Aim of the task:
Below is a listing. Return the lines from the one that contains "여성단체가 3·8 세계" to the one that contains "De kast bevat", both ends included, verbatim and with no pictures.

Top of Recorded information

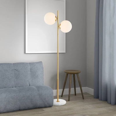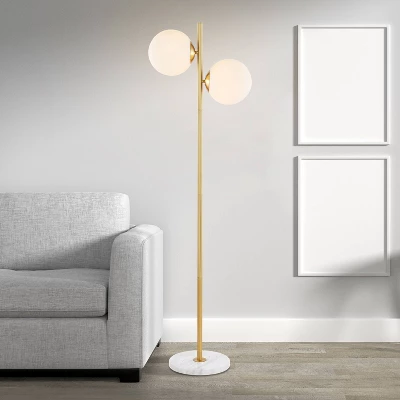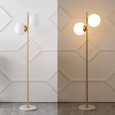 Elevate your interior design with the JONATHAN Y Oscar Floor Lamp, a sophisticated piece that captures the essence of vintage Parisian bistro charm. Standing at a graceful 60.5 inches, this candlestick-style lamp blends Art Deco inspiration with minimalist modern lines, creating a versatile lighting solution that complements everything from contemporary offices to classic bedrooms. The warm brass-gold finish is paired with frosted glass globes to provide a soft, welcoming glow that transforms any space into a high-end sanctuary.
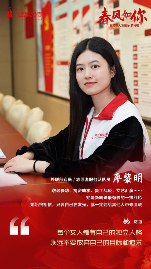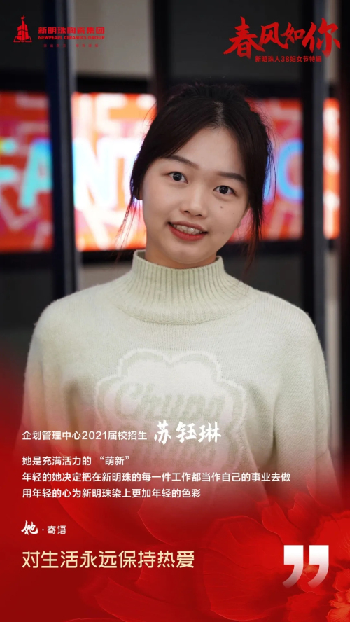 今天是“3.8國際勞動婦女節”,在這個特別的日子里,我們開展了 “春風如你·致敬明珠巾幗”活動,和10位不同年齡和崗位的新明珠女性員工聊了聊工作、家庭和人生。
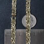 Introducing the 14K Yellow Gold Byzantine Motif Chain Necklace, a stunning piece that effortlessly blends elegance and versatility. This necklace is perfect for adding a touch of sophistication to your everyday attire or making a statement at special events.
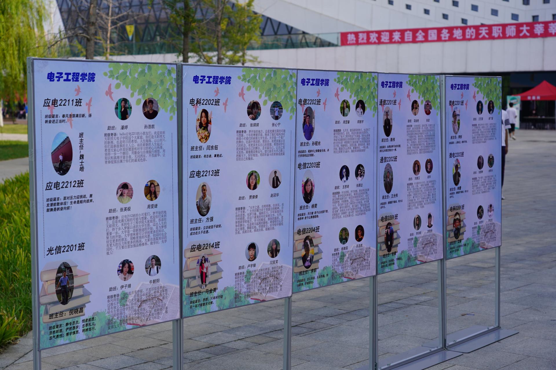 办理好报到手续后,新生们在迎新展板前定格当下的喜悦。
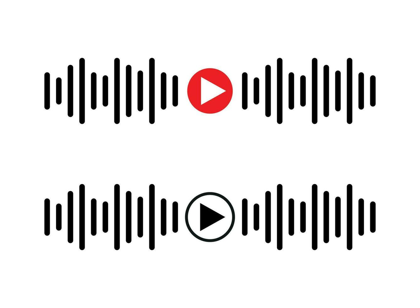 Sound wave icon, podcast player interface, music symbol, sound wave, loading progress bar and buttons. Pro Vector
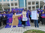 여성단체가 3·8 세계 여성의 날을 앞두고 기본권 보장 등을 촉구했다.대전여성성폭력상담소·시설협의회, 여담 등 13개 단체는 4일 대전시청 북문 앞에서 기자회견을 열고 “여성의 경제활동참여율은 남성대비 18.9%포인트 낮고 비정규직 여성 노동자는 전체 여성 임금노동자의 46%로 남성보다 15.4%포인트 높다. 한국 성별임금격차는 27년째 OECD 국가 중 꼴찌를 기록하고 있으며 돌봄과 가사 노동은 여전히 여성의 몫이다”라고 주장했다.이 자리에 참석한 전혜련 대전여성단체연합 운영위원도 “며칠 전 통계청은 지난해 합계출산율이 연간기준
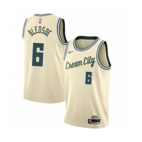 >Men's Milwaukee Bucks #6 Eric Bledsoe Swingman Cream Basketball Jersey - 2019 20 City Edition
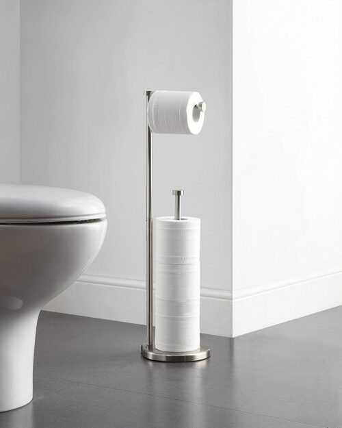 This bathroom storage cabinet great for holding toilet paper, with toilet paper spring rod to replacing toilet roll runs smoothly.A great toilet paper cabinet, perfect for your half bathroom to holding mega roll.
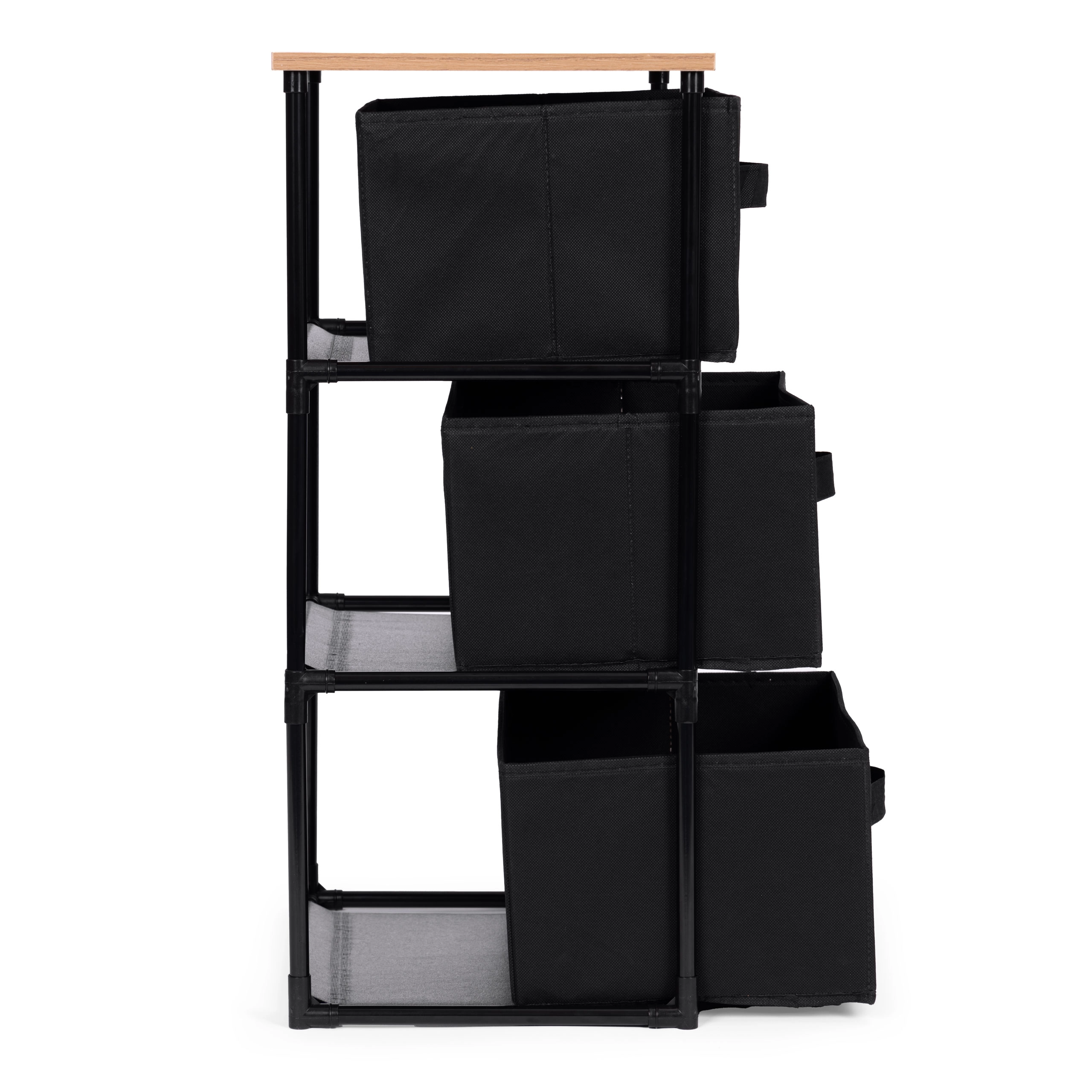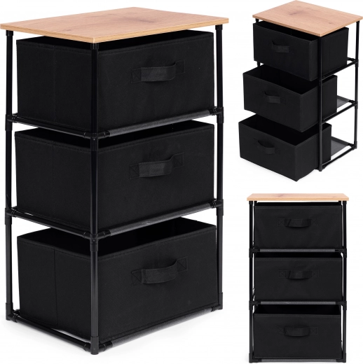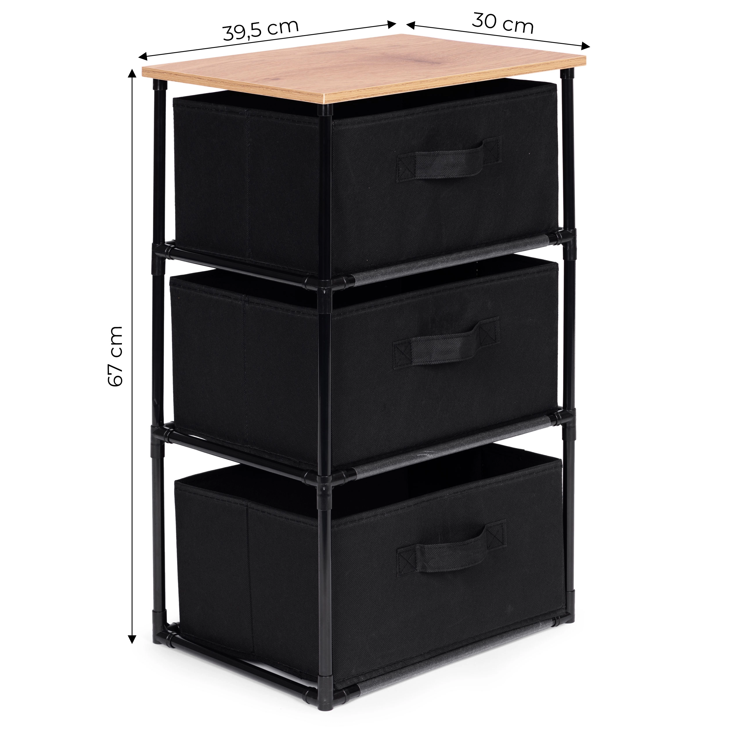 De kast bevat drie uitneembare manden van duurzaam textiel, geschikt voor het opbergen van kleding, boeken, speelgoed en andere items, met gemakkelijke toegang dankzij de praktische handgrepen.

Bottom of Recorded information
Top of Recorded information

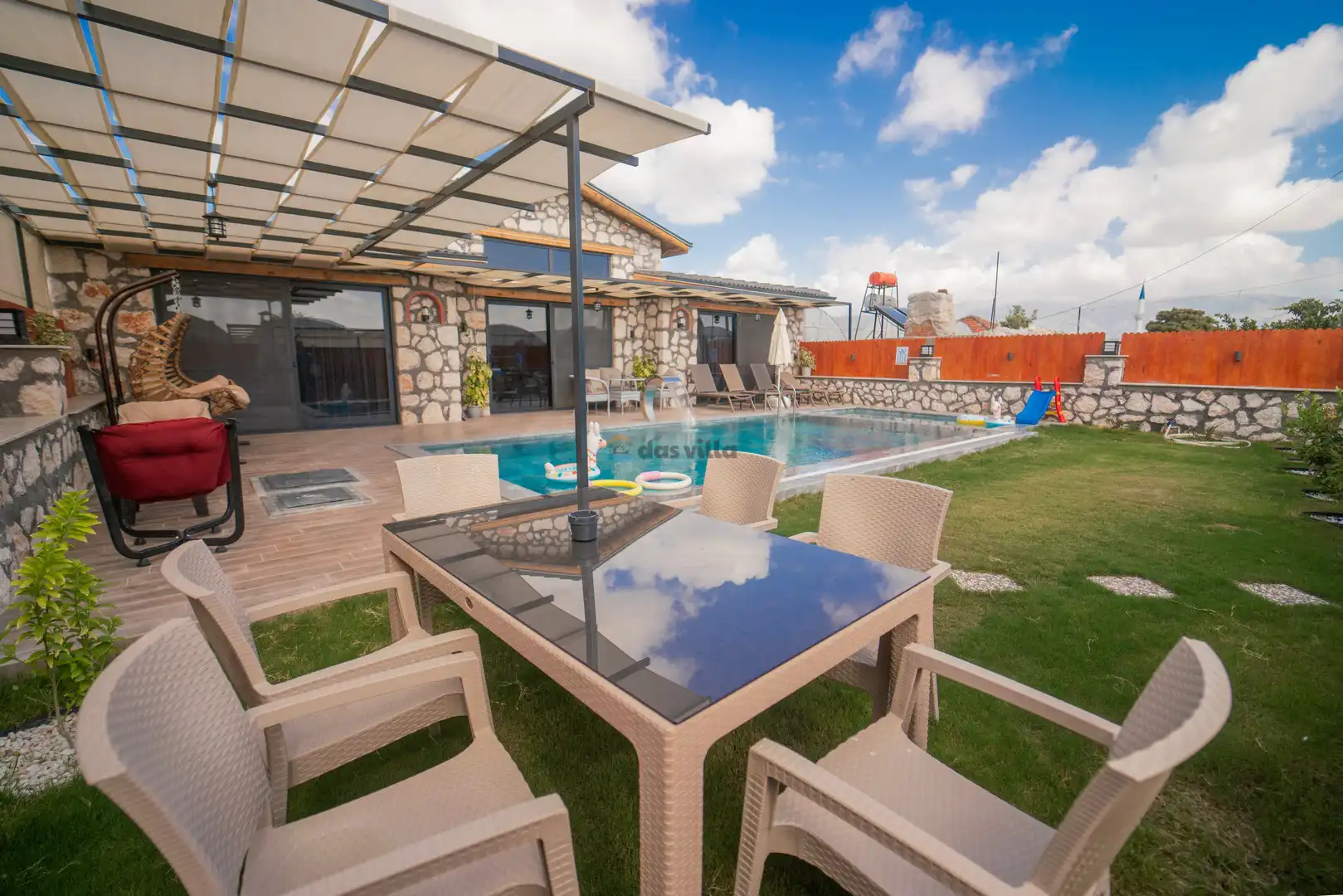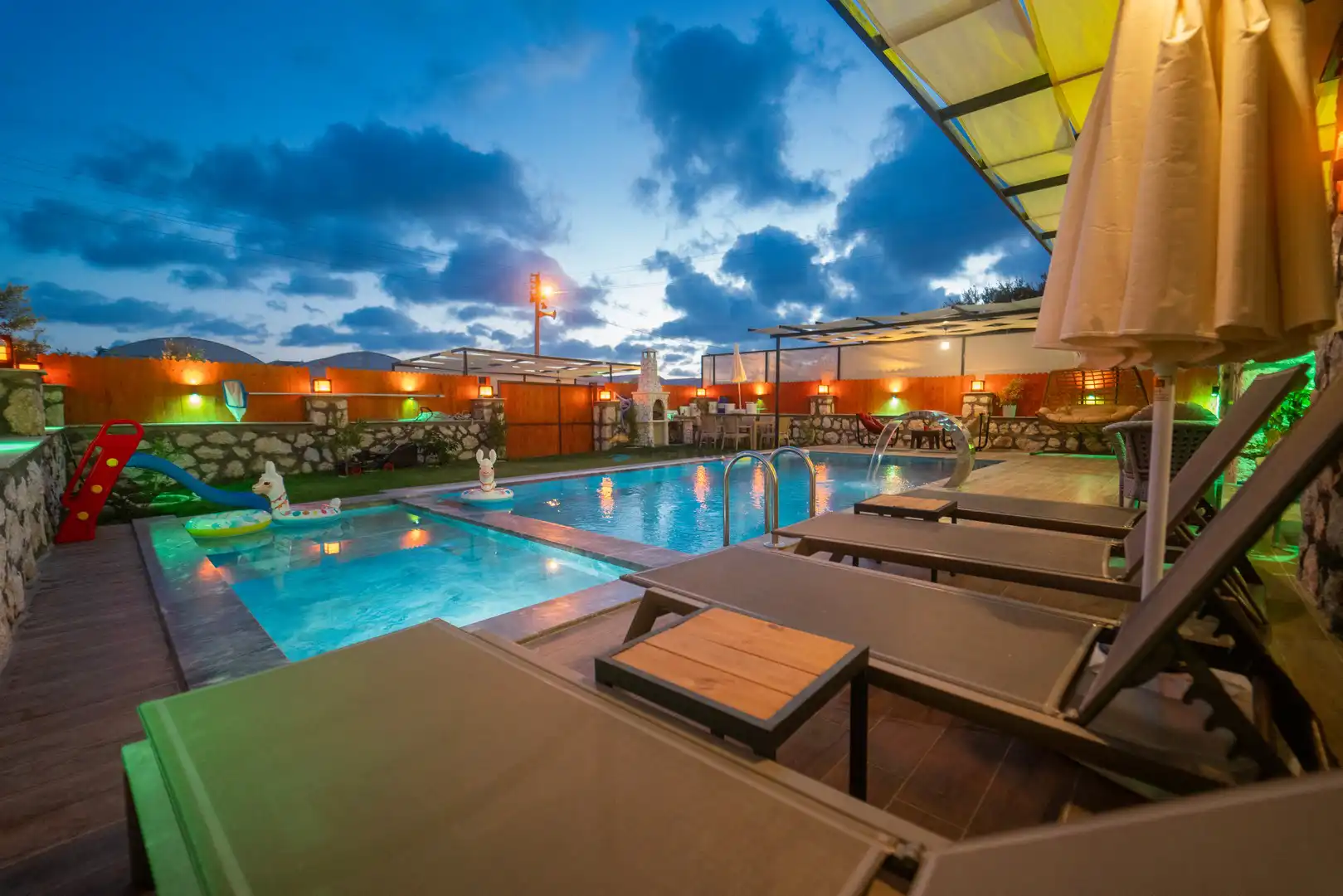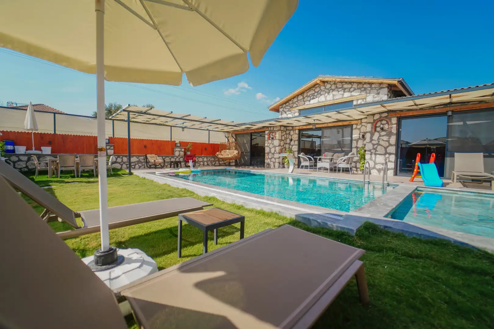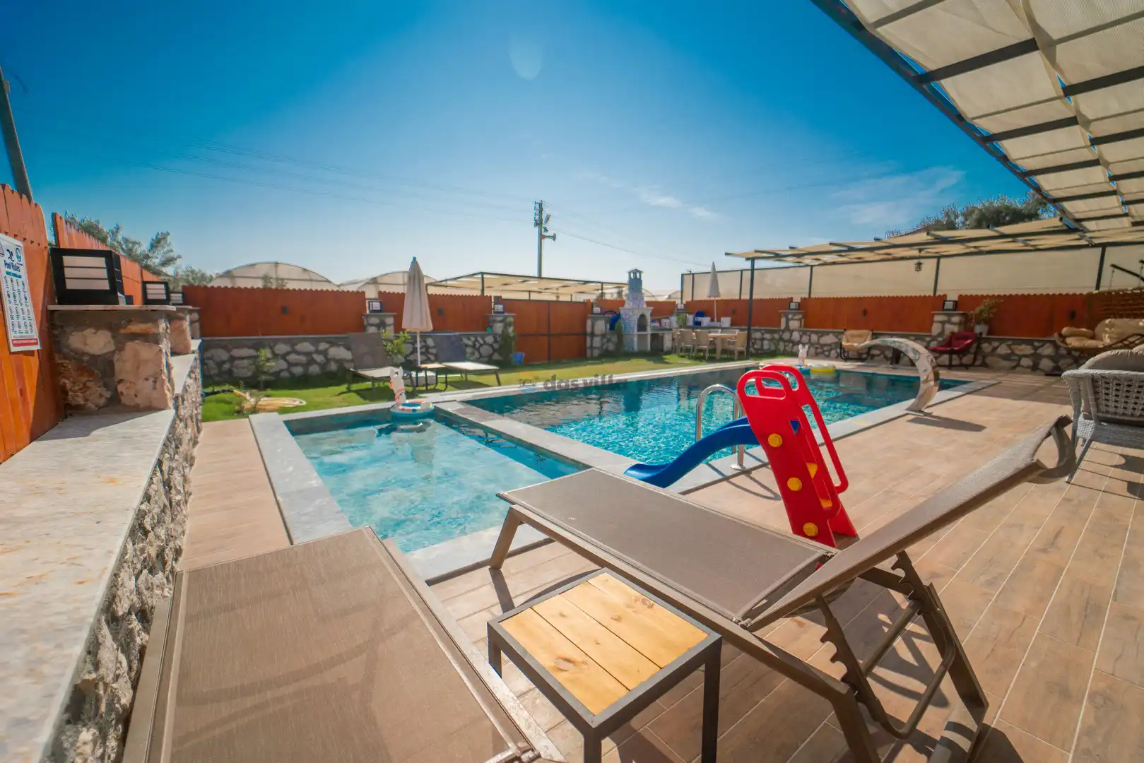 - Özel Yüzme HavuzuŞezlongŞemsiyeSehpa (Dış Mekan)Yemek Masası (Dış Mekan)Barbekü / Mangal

Bottom of Recorded information

Task output:
 여성단체가 3·8 세계 여성의 날을 앞두고 기본권 보장 등을 촉구했다.대전여성성폭력상담소·시설협의회, 여담 등 13개 단체는 4일 대전시청 북문 앞에서 기자회견을 열고 “여성의 경제활동참여율은 남성대비 18.9%포인트 낮고 비정규직 여성 노동자는 전체 여성 임금노동자의 46%로 남성보다 15.4%포인트 높다. 한국 성별임금격차는 27년째 OECD 국가 중 꼴찌를 기록하고 있으며 돌봄과 가사 노동은 여전히 여성의 몫이다”라고 주장했다.이 자리에 참석한 전혜련 대전여성단체연합 운영위원도 “며칠 전 통계청은 지난해 합계출산율이 연간기준
 >Men's Milwaukee Bucks #6 Eric Bledsoe Swingman Cream Basketball Jersey - 2019 20 City Edition
 This bathroom storage cabinet great for holding toilet paper, with toilet paper spring rod to replacing toilet roll runs smoothly.A great toilet paper cabinet, perfect for your half bathroom to holding mega roll.
 De kast bevat drie uitneembare manden van duurzaam textiel, geschikt voor het opbergen van kleding, boeken, speelgoed en andere items, met gemakkelijke toegang dankzij de praktische handgrepen.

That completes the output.